What to do
Make an exact copy, from the records below, of the lines from the line containing "This business infographic" to the line containing "Lucía en Monterrey", both lines included, excluding pictures.

Provided records
◆ ◆ ◆ ◆ ◆ ◆ ◆
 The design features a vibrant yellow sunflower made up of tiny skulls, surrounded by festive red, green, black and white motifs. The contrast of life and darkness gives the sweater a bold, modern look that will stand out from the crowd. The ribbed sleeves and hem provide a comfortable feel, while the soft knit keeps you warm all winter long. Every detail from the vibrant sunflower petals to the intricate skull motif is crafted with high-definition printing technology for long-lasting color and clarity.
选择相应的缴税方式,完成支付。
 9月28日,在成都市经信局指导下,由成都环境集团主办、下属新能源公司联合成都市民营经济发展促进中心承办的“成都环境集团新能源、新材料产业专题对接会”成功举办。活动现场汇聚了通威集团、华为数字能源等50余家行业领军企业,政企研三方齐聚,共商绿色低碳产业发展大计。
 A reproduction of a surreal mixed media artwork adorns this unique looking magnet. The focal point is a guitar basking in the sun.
◆ ◆ ◆ ◆ ◆ ◆ ◆
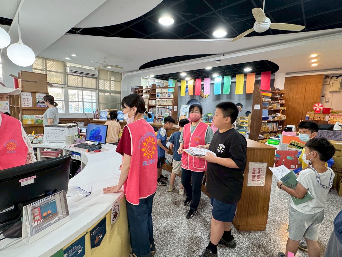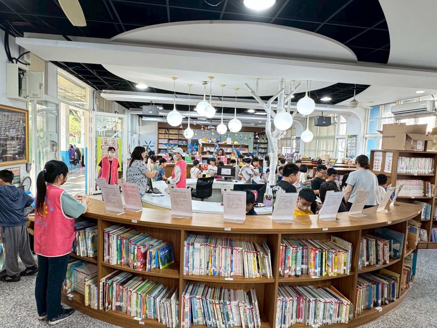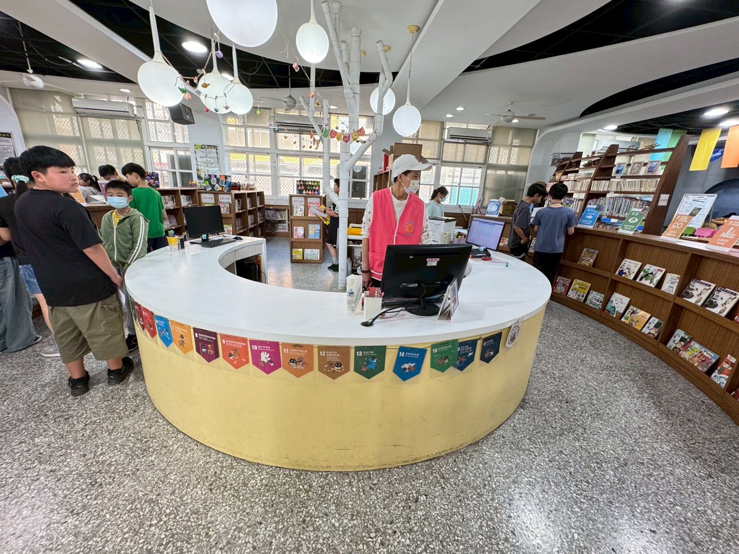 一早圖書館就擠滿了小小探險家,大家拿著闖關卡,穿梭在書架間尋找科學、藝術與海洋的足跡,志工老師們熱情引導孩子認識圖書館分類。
◆ ◆ ◆ ◆ ◆ ◆ ◆
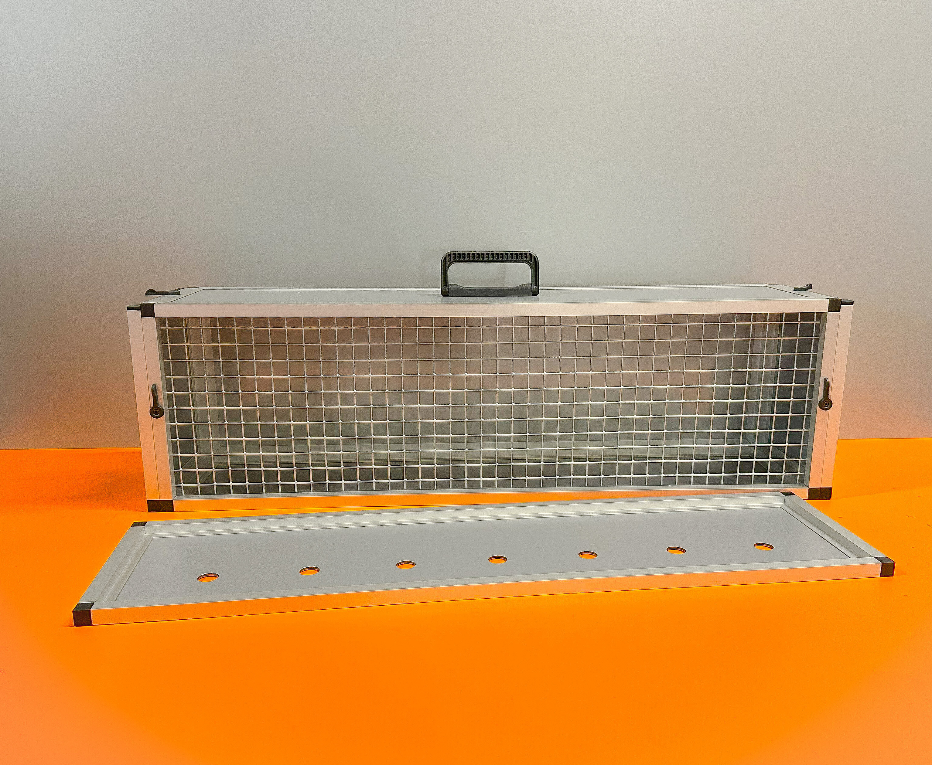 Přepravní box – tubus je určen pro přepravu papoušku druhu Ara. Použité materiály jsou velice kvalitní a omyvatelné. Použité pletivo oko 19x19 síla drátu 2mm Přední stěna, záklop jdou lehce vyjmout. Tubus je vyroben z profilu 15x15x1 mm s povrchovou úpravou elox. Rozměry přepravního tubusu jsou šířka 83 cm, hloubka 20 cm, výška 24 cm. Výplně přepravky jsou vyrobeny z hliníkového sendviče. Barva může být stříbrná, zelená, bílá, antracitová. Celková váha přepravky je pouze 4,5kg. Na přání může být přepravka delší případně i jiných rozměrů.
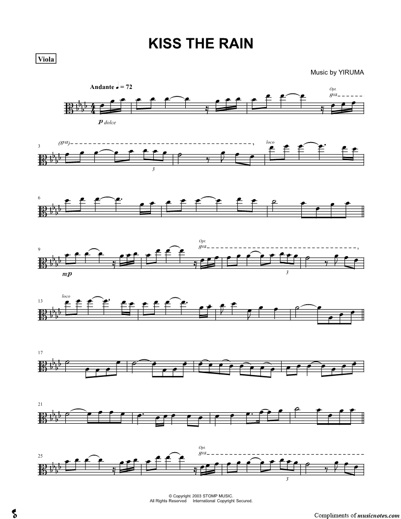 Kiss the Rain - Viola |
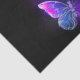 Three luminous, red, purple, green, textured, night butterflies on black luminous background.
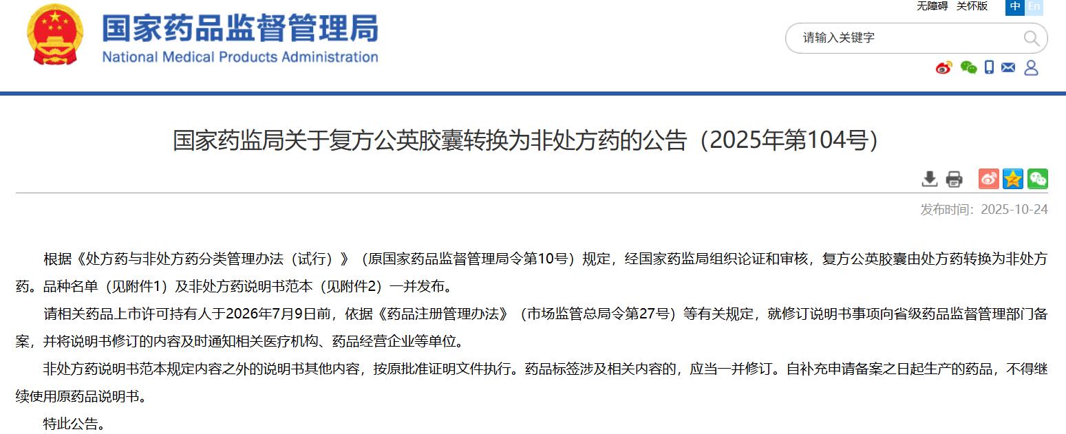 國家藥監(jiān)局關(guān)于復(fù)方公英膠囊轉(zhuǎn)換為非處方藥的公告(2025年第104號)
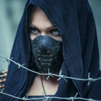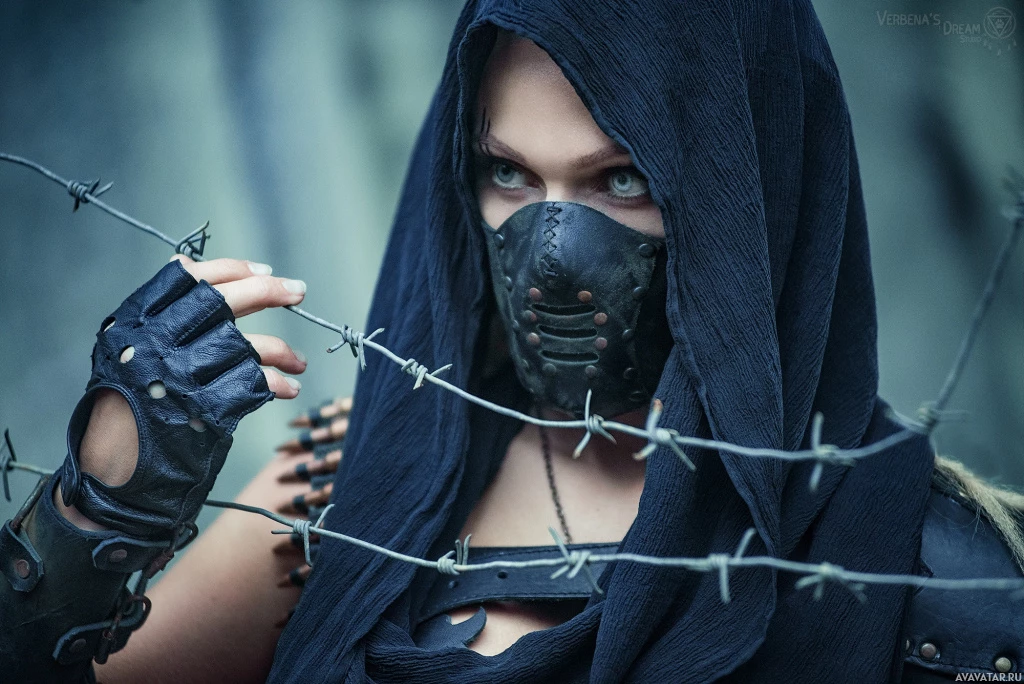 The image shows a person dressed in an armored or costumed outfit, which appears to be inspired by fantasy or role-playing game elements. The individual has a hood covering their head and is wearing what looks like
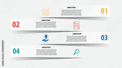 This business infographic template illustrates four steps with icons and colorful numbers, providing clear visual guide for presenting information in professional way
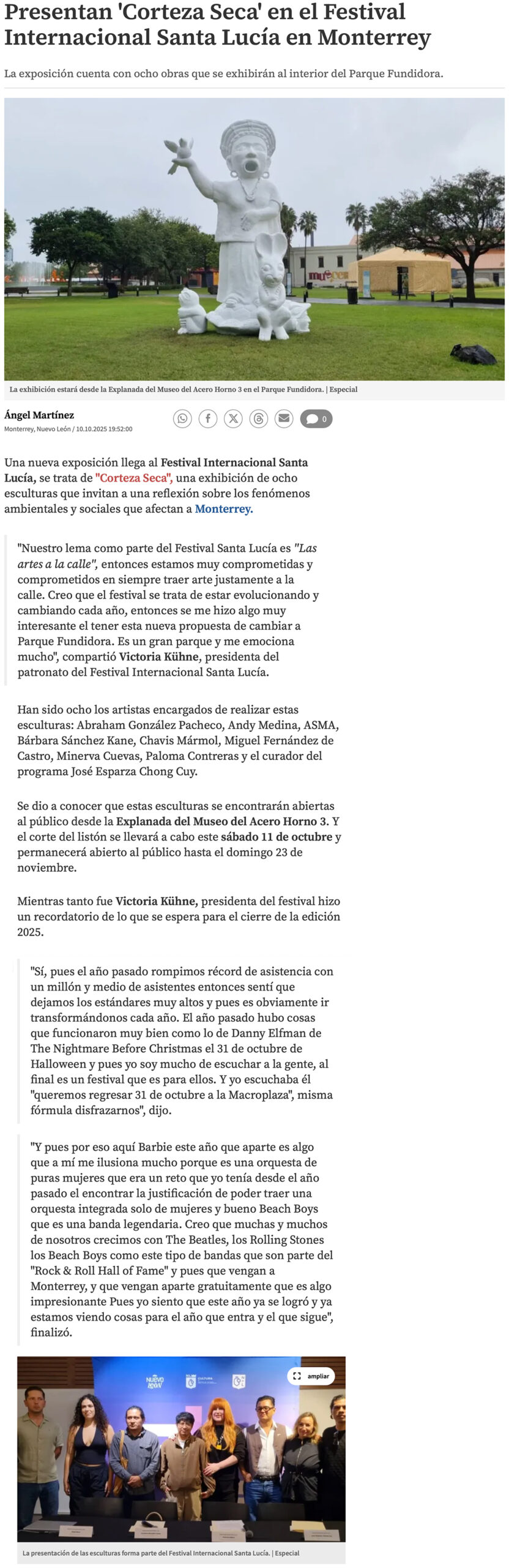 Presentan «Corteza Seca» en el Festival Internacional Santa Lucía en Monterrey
◆ ◆ ◆ ◆ ◆ ◆ ◆
Answer to the problem
 This business infographic template illustrates four steps with icons and colorful numbers, providing clear visual guide for presenting information in professional way
 Presentan «Corteza Seca» en el Festival Internacional Santa Lucía en Monterrey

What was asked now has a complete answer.